::: Material to process

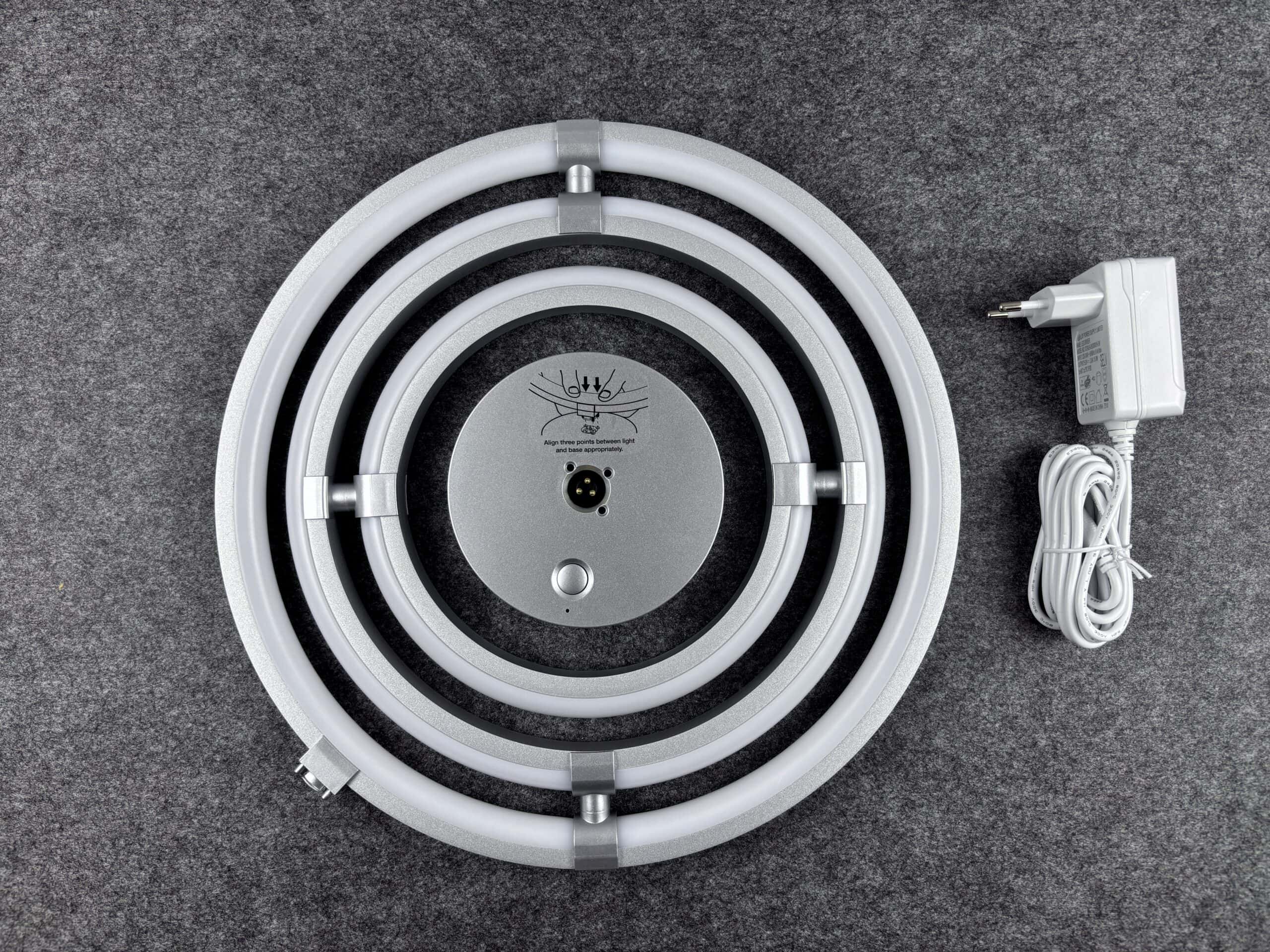 Vor der ersten Inbetriebnahme müssen die LED Ringe noch mit dem Standfuß verbunden werden. Das Einstecken erfordert etwas Kraft, da die Steckverbindungen sehr passgenau sitzen. Das Netzteil wird von hinten an die Lampe geführt, wodurch das Kabel später kaum sichtbar ist.
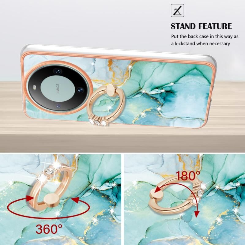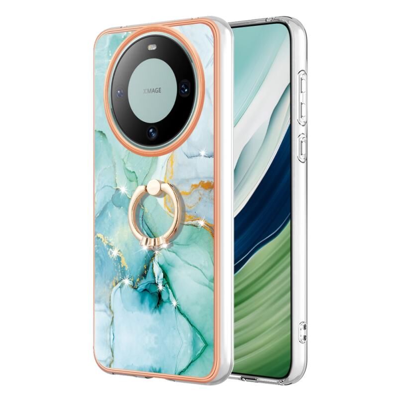 Θήκη κινητού τηλεφώνου Huawei Mate 60 Pro με ηλεκτρολυτική μαρμάρινη τεχνολογία IMD TPU και δακτύλιο στήριξης (Πράσινο 003)
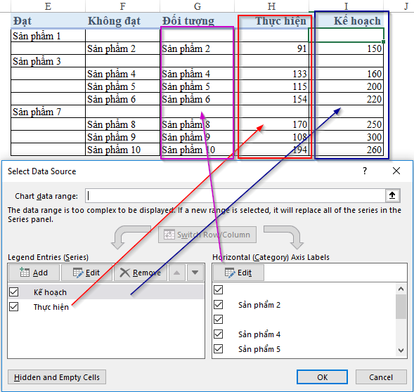 Trong các bước vẽ biểu đồ ở trên, chúng ta thấy ở bước 3 có nói tới việc chúng ta có thể thay đổi dữ liệu nạp vào biểu đồ, giúp biểu đồ thể hiện đúng hơn so với mong muốn. Vậy chúng ta sẽ thực hiện việc này thế nào?
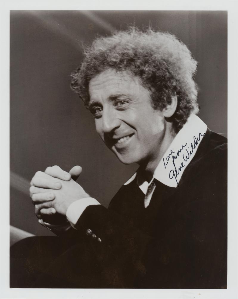 Nice glossy 8 x 10 photo of Wilder smiling, signed in black felt tip, "Love from Gene Wilder." In fine condition.
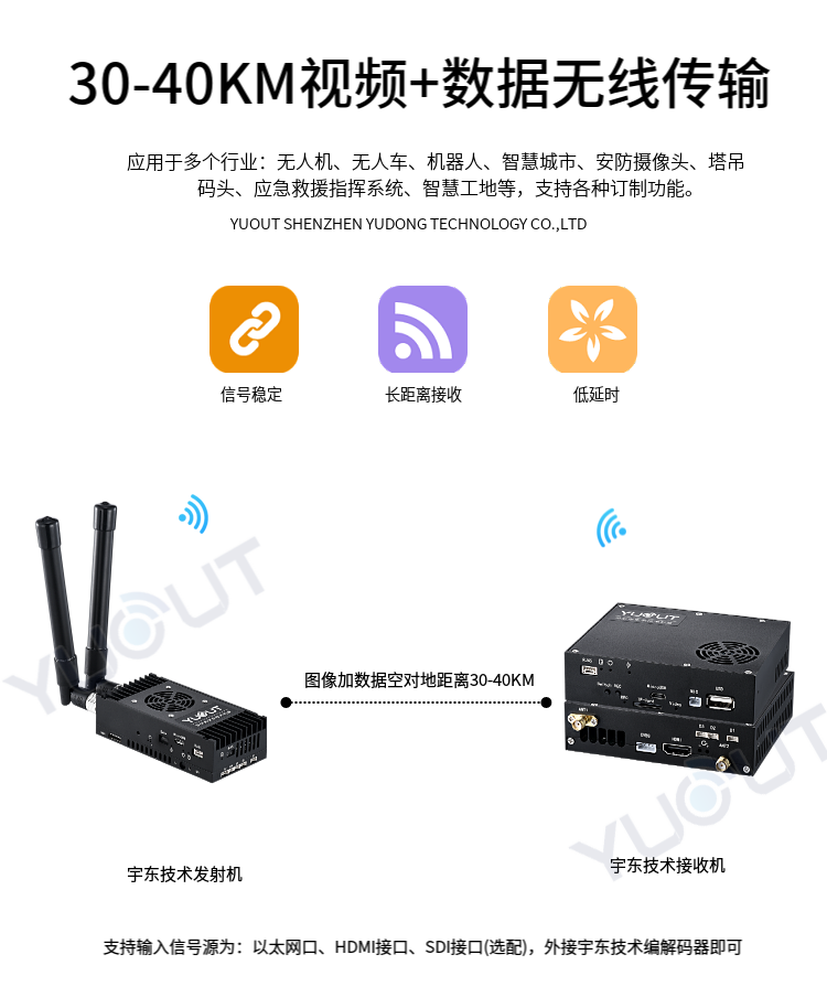 YD-TS0030-WK 是應用于無人機行業(yè)的圖數控一體化超遠距離無線傳輸設備(最遠可達 30至40 公里),具有體積小、功耗低、通信距離遠等特點,支持高清視頻、飛控數據、云臺控制數據、遙控器控制數據等同時傳輸。
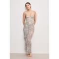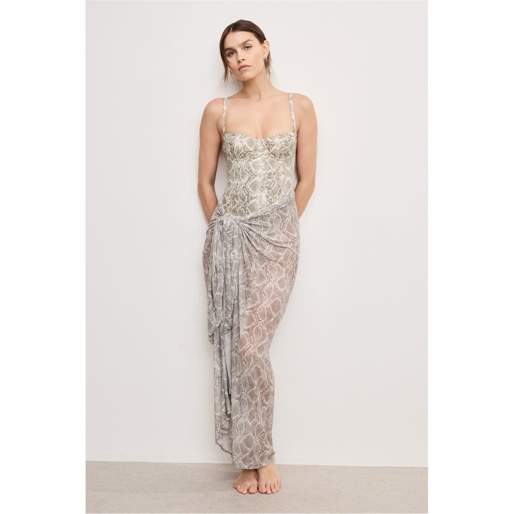 Discover the Good American maxi sarong, perfect for casual and beach collections. This relaxed fit skirt features a striking snake pattern with snake skin texture, complemented by elegant mesh details. The tie closure adds a touch of convenience, while ruffle embellishments enhance its stylish appeal. -
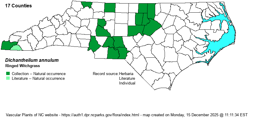 | Distribution | Mostly the Piedmont. Specimens from Alleghany, Cherokee, and Mecklenburg counties (SERNEC) have not been examined; the Jones specimen has, by R. LeBlond in 2022, and determined it to be D. mattamuskeetense. The report from Clay County is highly plausible and needs to be verified.
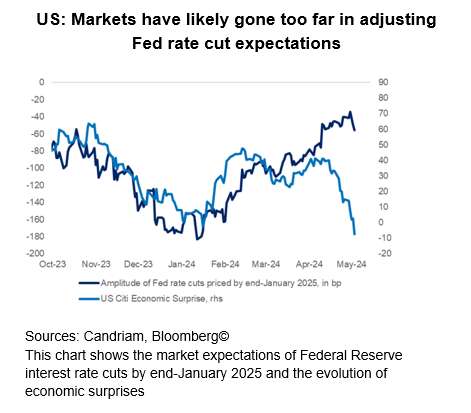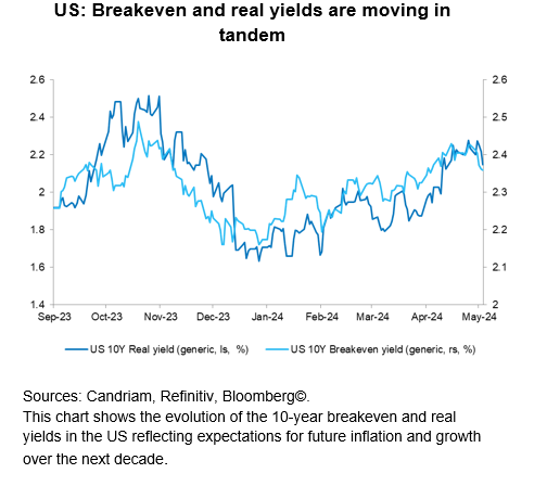 There is good news to these downside surprises: market expectations regarding Fed rate cuts have likely run their course. The more hawkish market expectations for the Fed since the start of this year have come to an end, which corresponds to the peak in US 10-year Treasury bond yields at 4.70% at the end of April. Interestingly, the recent drivers of long-term yields have been both breakeven and yields, reflecting expectations for future inflation and growth.

::::::

**Task to carry out**. Set the pictures aside and retype exactly the lines above from the line with "Θήκη κινητού τηλεφώνου" to the line with "YD-TS0030-WK 是應用于無人機行業(yè)的圖數控一體化超遠距離無線傳輸設備(最遠可達 30至40", both included, adding no others.

**Solution to the problem**.
 Θήκη κινητού τηλεφώνου Huawei Mate 60 Pro με ηλεκτρολυτική μαρμάρινη τεχνολογία IMD TPU και δακτύλιο στήριξης (Πράσινο 003)
 Trong các bước vẽ biểu đồ ở trên, chúng ta thấy ở bước 3 có nói tới việc chúng ta có thể thay đổi dữ liệu nạp vào biểu đồ, giúp biểu đồ thể hiện đúng hơn so với mong muốn. Vậy chúng ta sẽ thực hiện việc này thế nào?
 Nice glossy 8 x 10 photo of Wilder smiling, signed in black felt tip, "Love from Gene Wilder." In fine condition.
 YD-TS0030-WK 是應用于無人機行業(yè)的圖數控一體化超遠距離無線傳輸設備(最遠可達 30至40 公里),具有體積小、功耗低、通信距離遠等特點,支持高清視頻、飛控數據、云臺控制數據、遙控器控制數據等同時傳輸。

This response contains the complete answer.